КВЧ-терапия достаточно широко вошла в медицинскую практику и доказала свою эффективность в лечении широкого ряда заболеваний, оказывая восстанавливающее действие на механизмы развития общепатологических процессов, лежащих в основе заболеваний [7,14,15,16,27,28,29].
На сегодняшний день установлено, что терапевтический эффект ЭМИ КВЧ проявляется в анальгезирующем, противовоспалительном, иммуномодулирующем, антистрессорном действии [11,12,13,14,15,16,17,27,28], а также в стабилизации системы гемостаза, улучшении реологических свойств крови, процесса микроциркуляции [8,18]. Изучен бактерицидный эффект миллиметровых волн. В экспериментах на лабораторных животных показано ускорение процесса регенерации гнойных ран, приживления кожного лоскута, достижения абактериального состояния ран под влиянием ЭМИ терагерцового диапазона. [19,20].
Лечебный эффект и возможность управления клеточным метаболизмом получены на частотах 41 - 240 ГГц и выше в процессе КВЧ-терапии и биомедицинских исследований [30]. В этом диапазоне существует очень частый спектр поглощения основных метаболитов, причем количество спектральных линий на каждые 10 ГГц увеличивается. В спектре одного из активных метаболитов
- оксида азота (NO) в терагерцовом диапазоне от 100 ГГц до 300 ГГц содержится 8 линий поглощения в атмосферном воздухе [30].
Применение электромагнитного излучения (ЭМИ) терагерцового диапазона на частотах молекулярного спектра излучения и поглощения оксида азота является естественным физиологическим регулятором эндогенного оксида азота в живом организме [7,8].
В настоящее время большой интерес вызывает изучение свойств оксида азота (N0) как универсального регулятора физиологических и метаболических процессов в отдельной клетке и организме в целом [9,10,21-26]. Оксид азота, функционируя как сигнальная молекула практически во всех органах и тканях человека и животных, благодаря высокой проникающей способности влияет на внутриклеточные процессы, не взаимодействуя с клеточными рецепторами, поскольку он способен диффундировать сквозь клеточную мембрану и взаимодействовать с мишенями непосредственно внутри клетки.
Эндогенный оксид азота существует и непрерывно синтезируется в органах, тканях и клетках ферментативным путем при участии N0-синтаз - ферментов, использующих в качестве единственного субстрата аминокислоту 1,-аргинин [9].
Следует отметить, что на процесс заживления влияет также и экзогенный N0 [10], содержащийся в атмосферном воздухе.

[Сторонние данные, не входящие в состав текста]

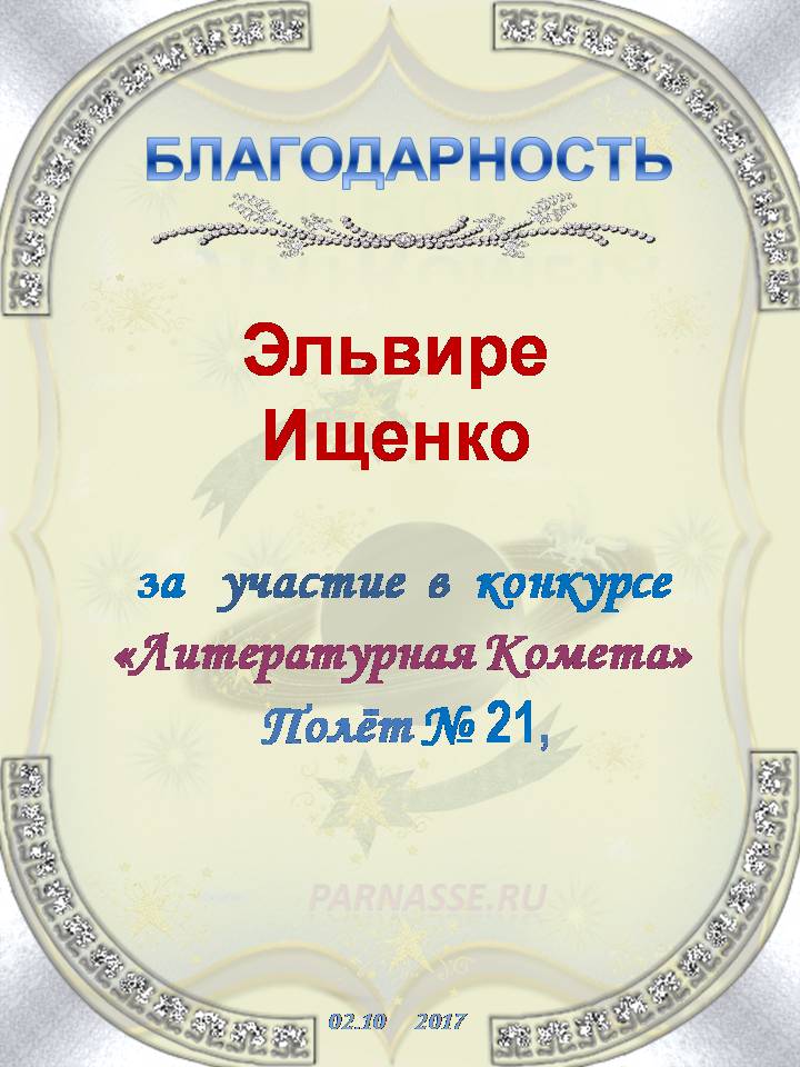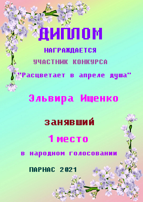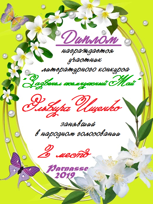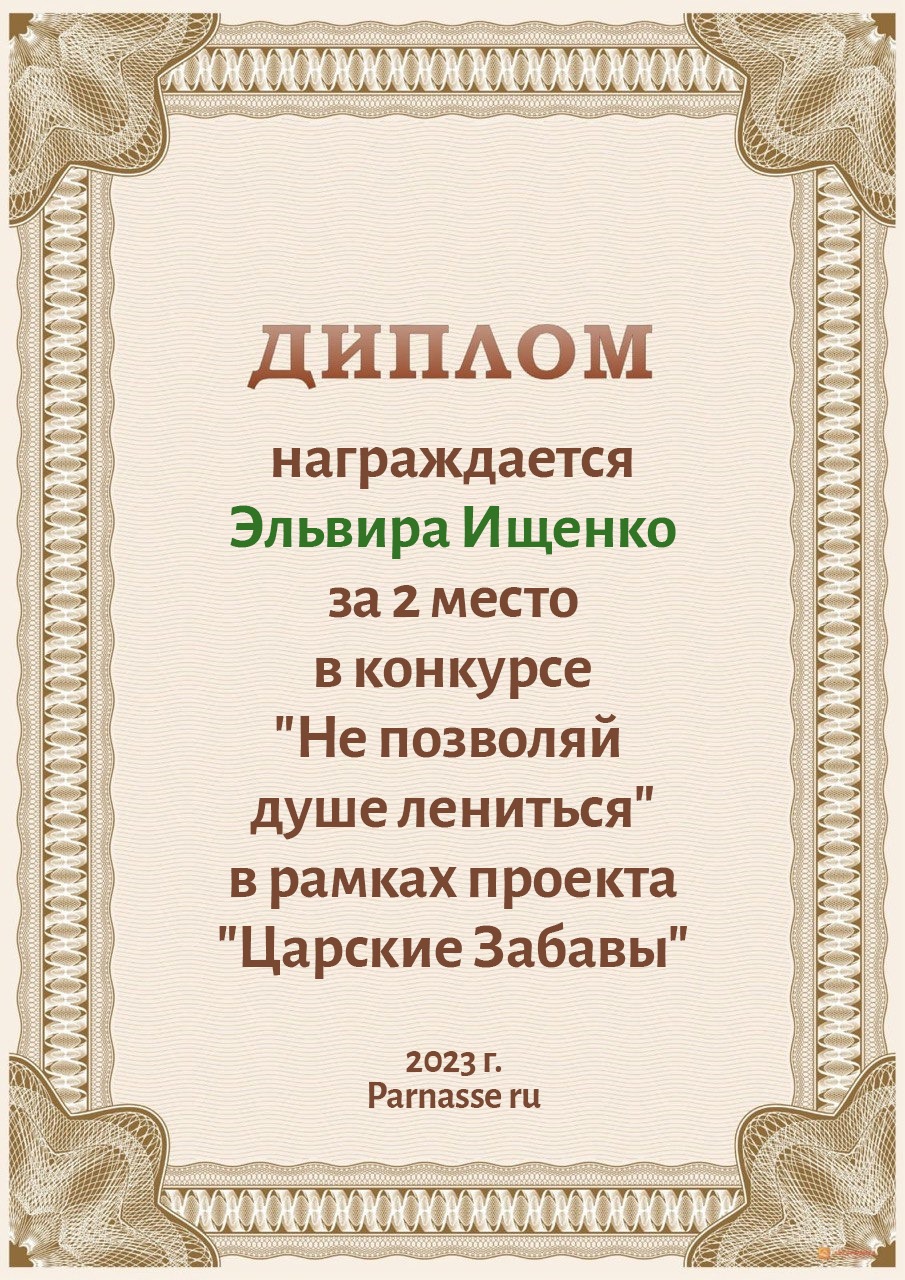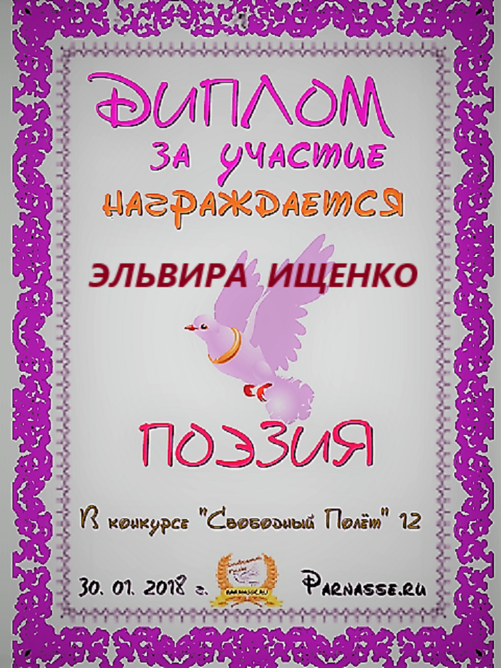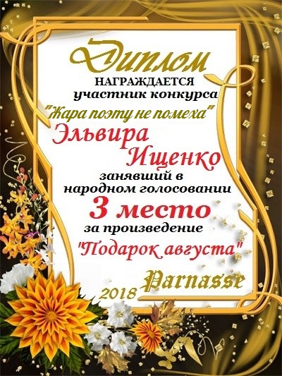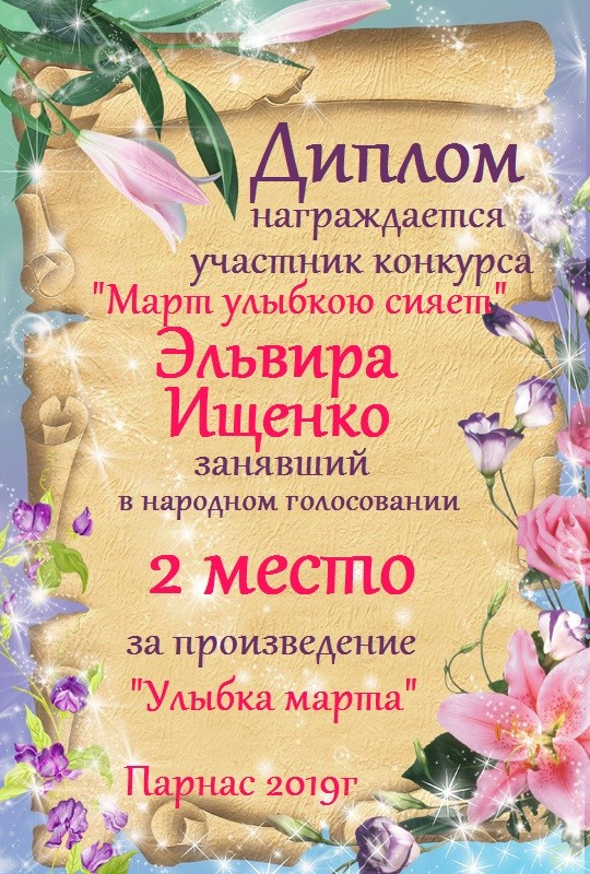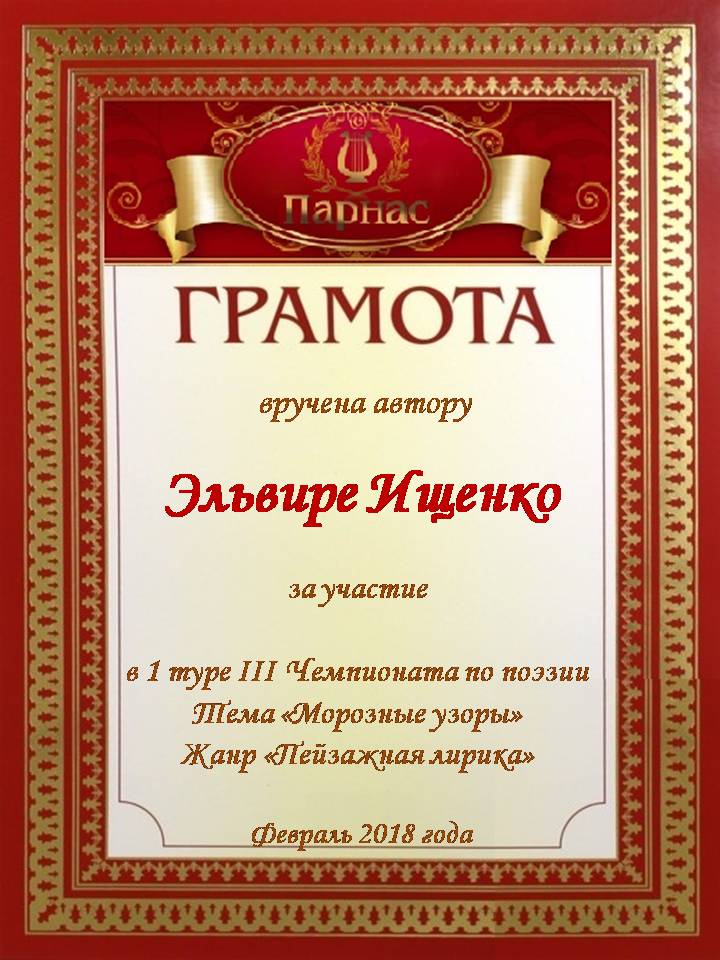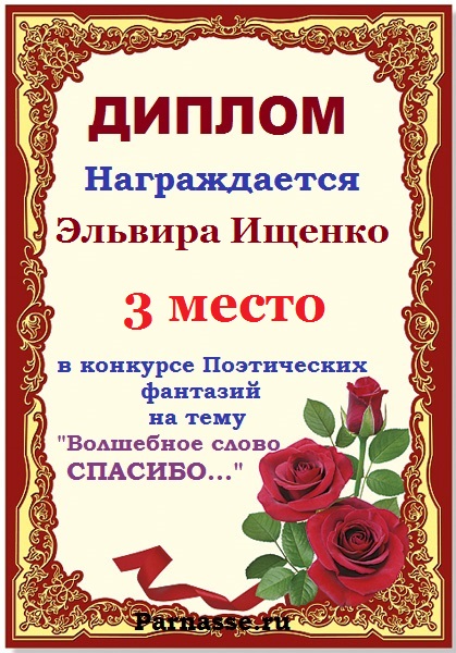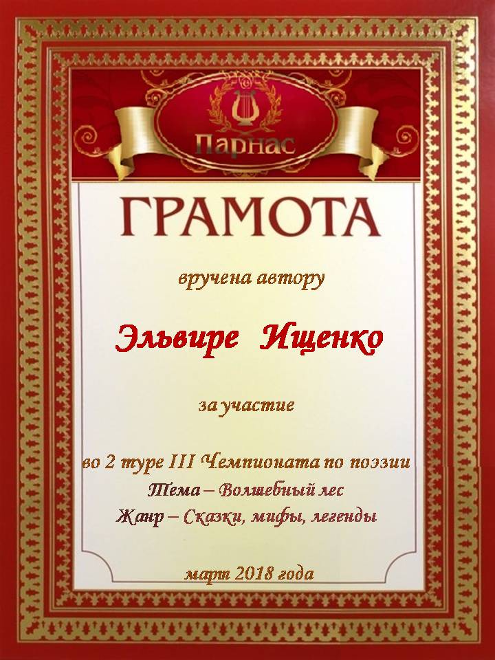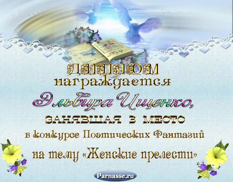 За неугасающую и неисчерпаемую творческую активность, постоянный контакт с Музой и признание сообществом "Парнасцев".От всей души желаем Вам, Эльвира, здоровья, любви, успехов, благополучия, удачи и творческого вдохновения!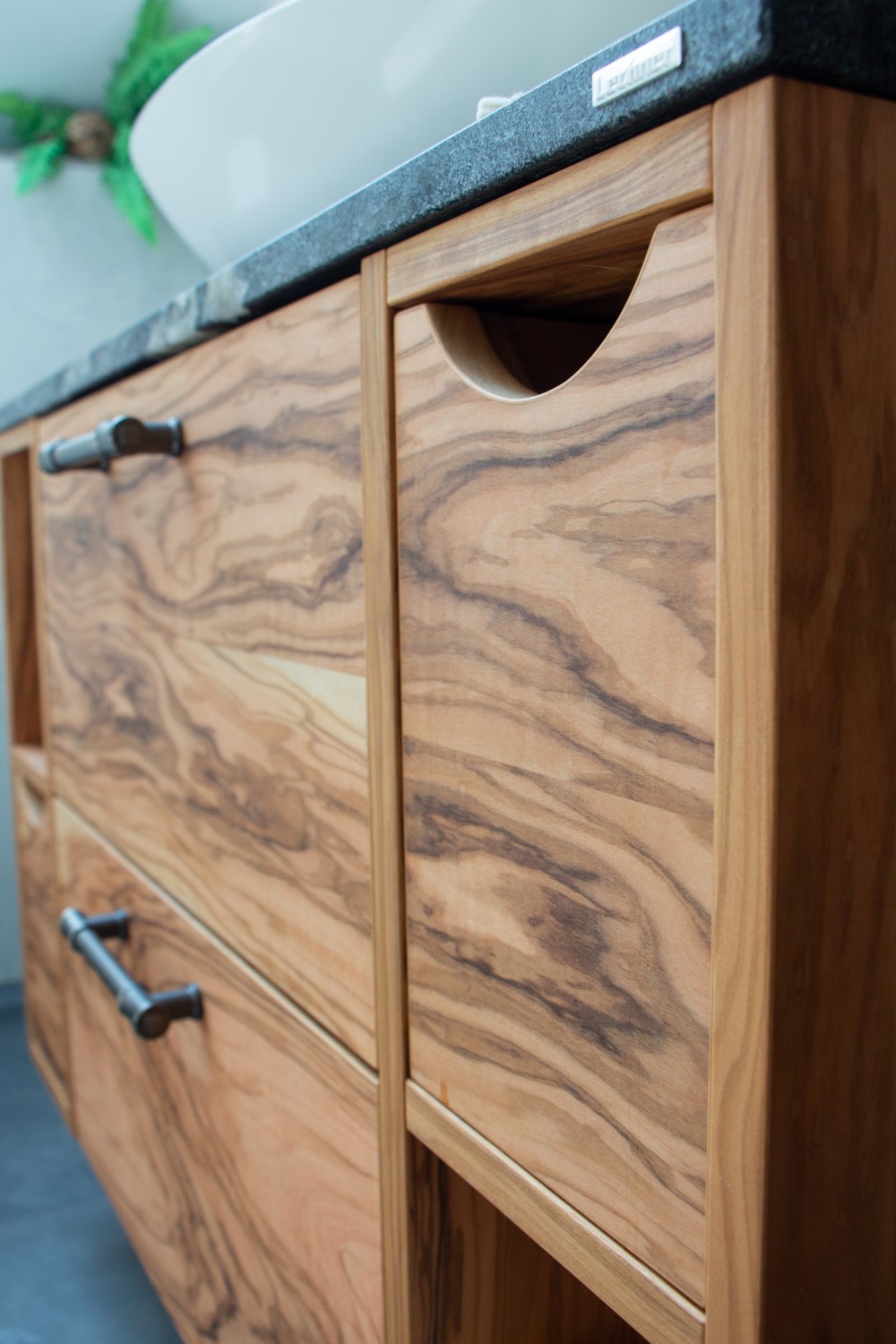 - Elegante Waschtischanlage aus Olivenholz, mit ovaler Aufsatzschale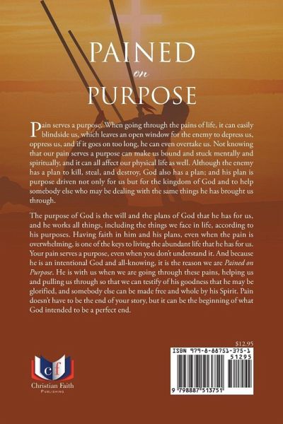 Pain serves a purpose. When going through the pains of life, it can easily blindside us, which leaves an open window for the enemy to depress us, oppress us, and if it goes on too long, he can even overtake us. Not knowing that our pain serves a purpose can make us bound and stuck mentally and spiritually, and it can all affect our physical life as well. Although the enemy has a plan to kill, steal, and destroy, God also has a plan; and his plan is purpose driven not only for us but for the kingdom of God and to help somebody else who may be dealing with the same things he has brought us through. The purpose of God is the will and the plans of God that he has for us, and he works all things, including the things we face in life, according to his purposes. Having faith in him and his plans, even when the pain is overwhelming, is one of the keys to living the abundant life that he has for us. Your pain serves a purpose, even when you don't understand it. And because he is an intentional God and all-knowing, it is the reason we are Pained on Purpose. He is with us when we are going through these pains, helping us and pulling us through so that we can testify of his goodness that he may be glorified, and somebody else can be made free and whole by his Spirit. Pain doesn't have to be the end of your story, but it can be the beginning of what God intended to be a perfect end.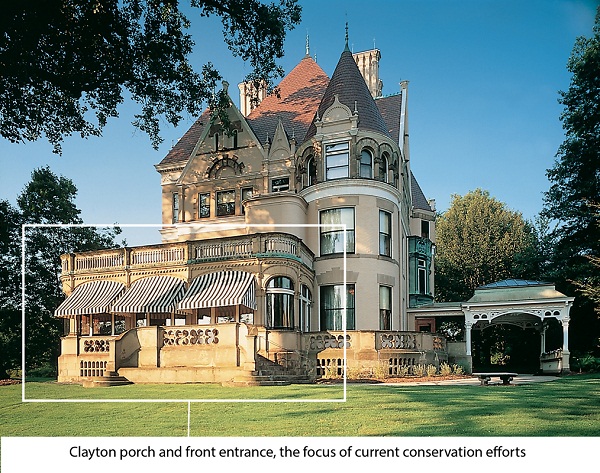The overarching philosophy of this conservation effort is to minimize intervention into the historic surfaces and to employ a combination of historic masonry techniques, science, and innovation to preserve Clayton. The house itself is treated as an artifact, and our goal is to devise methods of treatment that counteract the effects of time and the environment on the structure and the inherent vice of the materials, systems, and techniques used in its construction. Inherent vice is a term conservators and preservationists use to describe the inevitable self-destruct mechanism in materials or combinations of materials in a system that causes them to deteriorate. To a degree, inherent vice is present in virtually all systems and materials and is a determining factor in approaches taken to maintain a building. .png)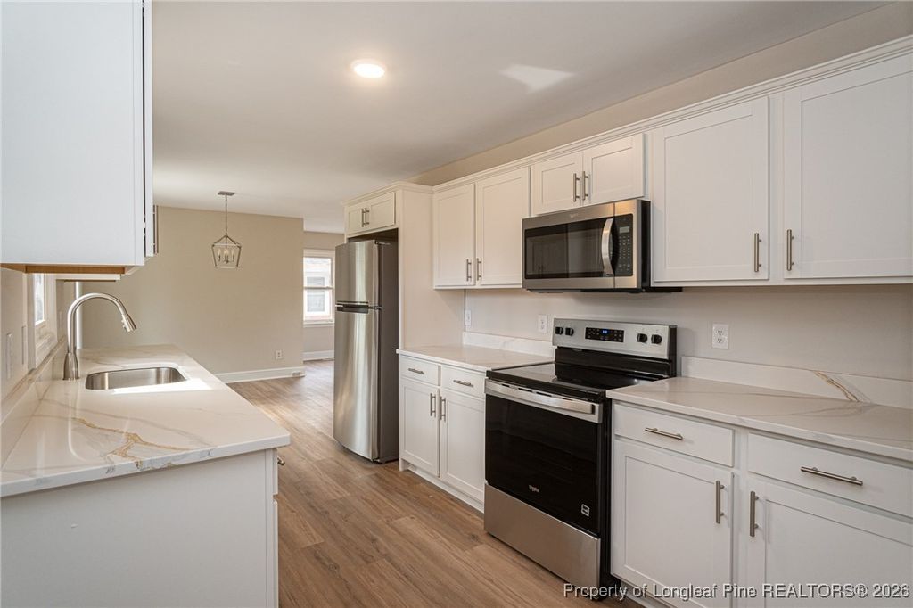 Beautifully updated 3-bedroom, 2-bath ranch-style home offering over 1450 sqft of comfortable living space. The floor plan features a spacious living room, dining area, and a stylish kitchen with stainless steel appliances and quartz countertops. Recent upgrades include LVP flooring, fresh paint, new carpet, new kitchen cabinets, both bathroom vanities, new tub (owners suite) and shower (hall bath), roof (2025), and water heater (2025), ensuring peace of mind for years to come. A perfect blend of modern updates and easy single-level living"”ready for you to move in and make it home!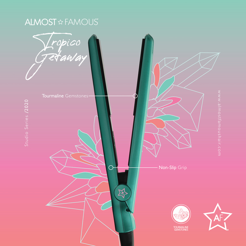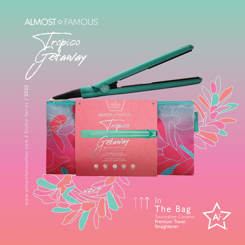 Get vacation ready with the Tropico Getaway Mini Flat Iron - featuring an exclusive designer travel pouch for convenient carrying & styling on-the-go!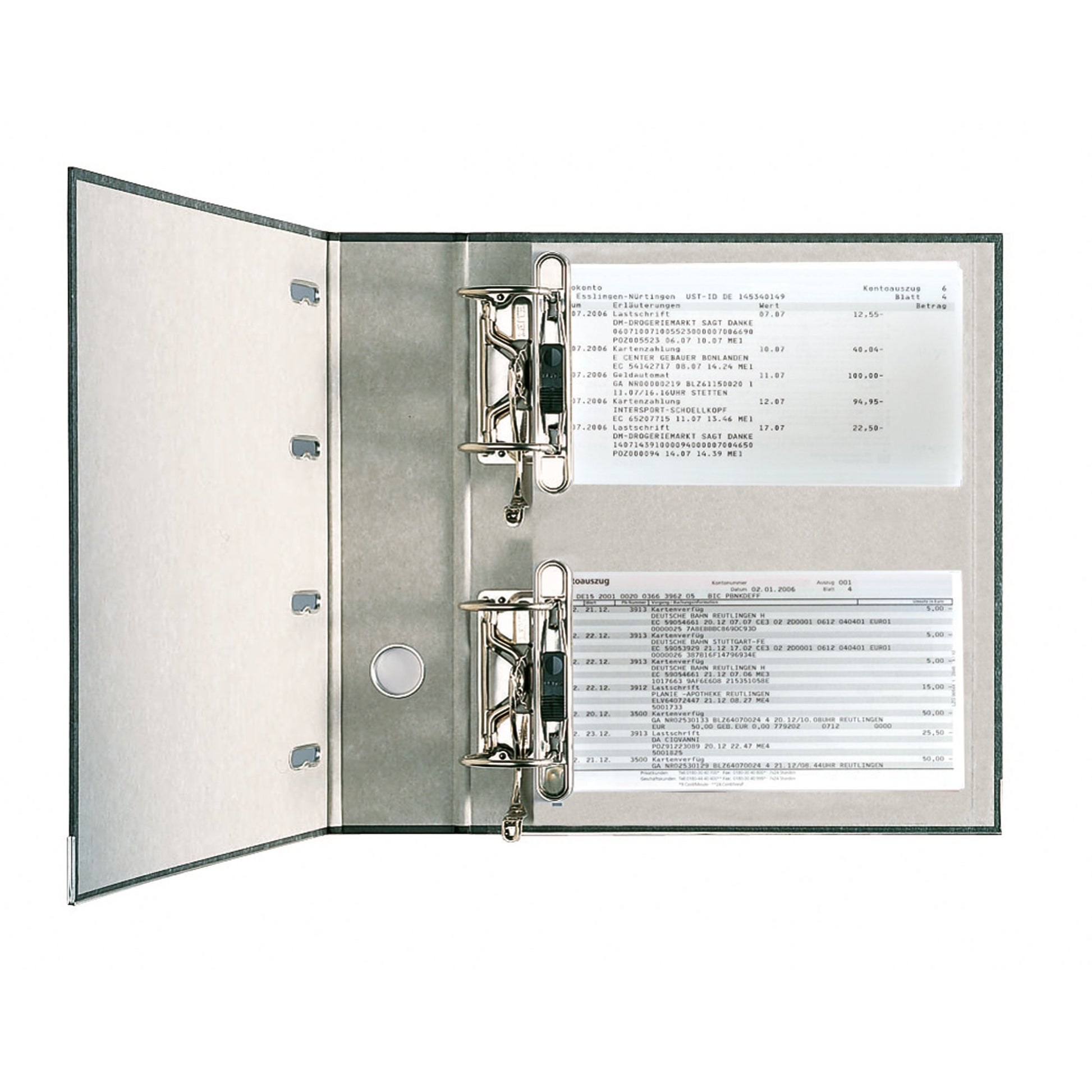 Bezeichnung: Leitz Doppelordner 75mm 2 x DIN A5 quer Rückenschild: geklebt Hebelmechanik Graupappe, 100 % recycelt Wolkenmarmor schwarz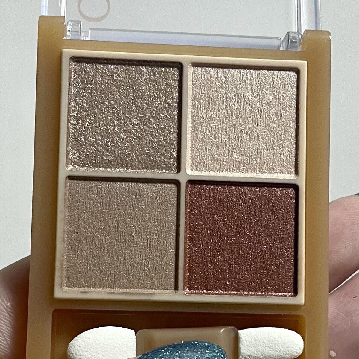 - ラメ・パール・マット3質感の4色アイシャドウ。 肌馴染みの良いベージュを基調としたカラー。ラメ・パール・マットの3質感を重ねて、自然にまぶたを強調し奥行のある大きな目元へ。 しっとり溶け込むような柔らかなパウダーなので、スルスル伸びてまぶたにピタッと密着。保湿成分(スクワラン・ホホバ種子油)配合。
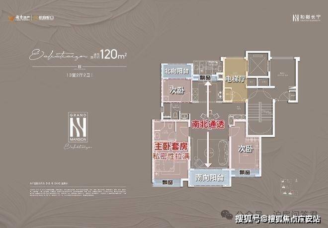 项目建面约120㎡户型也是类独立电梯厅的设计,室内则是标准的南北通透+三开间朝南设计;主卧套房配置,自带卫生间,私密性和舒适度俱佳。

Термодинамика и кинетика образования атмосферного N0 достаточно изучена и связана не только с природными процессами преобразования газов атмосферы, но и с промышленными выбросами N0 в атмосферу.
Ведущая роль по исследованию экзогенного оксида азота, использованию его свойств в медицине принадлежит сотрудникам МНИОИ им. П.А.Герцена (директор - акад.РАМН В.И.Чиссов) во главе с профессором Кабисовым Р.К. Была установлена эффективность применения в клинической хирургической практике плазменных потоков, создаваемых микроплазмотроном. Анализ газового потока показал, что в газовой струе на «терапевтическом» расстоянии имеется высокая концентрация молекул N0
- 400-500 мг/м3. Доказано, что экзогенный N0 в составе газового потока является фактором выраженной стимуляции раневого заживления [31]. Предложенный метод использования экзогенного оксида азота был назван авторами экзогенной N0-терапией.
Так как фармакологическая регуляция синтеза N0 в живом организме может сопровождаться возникновением побочных эффектов, возникает необходимость изыскания новых неинвазивных физических регуляторов оксида азота на основе естественного физиологического регулирования.
Перспективным с точки зрения поставленной задачи является использование низкоинтенсивного электромагнитного излучения терагерцовой частоты (ЭМИ ТГЧ).
Вероятно, молекулярное возбуждение молекул N0, как находящихся в атмосферном воздухе, так и возникающих ферментативным путем в сохранившихся клетках раневой поверхности, электромагнитным излучением на частоте его вращательно-колебательных спектров поглощения и излучения существенно повышают его диффузионную и реакционную способность, что способствует улучшению микроциркуляции и санации раневой поверхности.
Из-за малой энергии ЭМИ миллиметровых волн не оказывает разрушающего действия на структуру клеток, не обладает побочным действием, хорошо переносится больными [11,16,27,28].
Целью настоящего исследования явилось изучение влияния ЭМИ терагерцового диапазона на раневой процесс в комплексном лечении ожоговых ран для достижения в кратчайшие сроки самостоятельного заживления раны и в подготовке ожоговой раневой поверхности к аутодермопластике.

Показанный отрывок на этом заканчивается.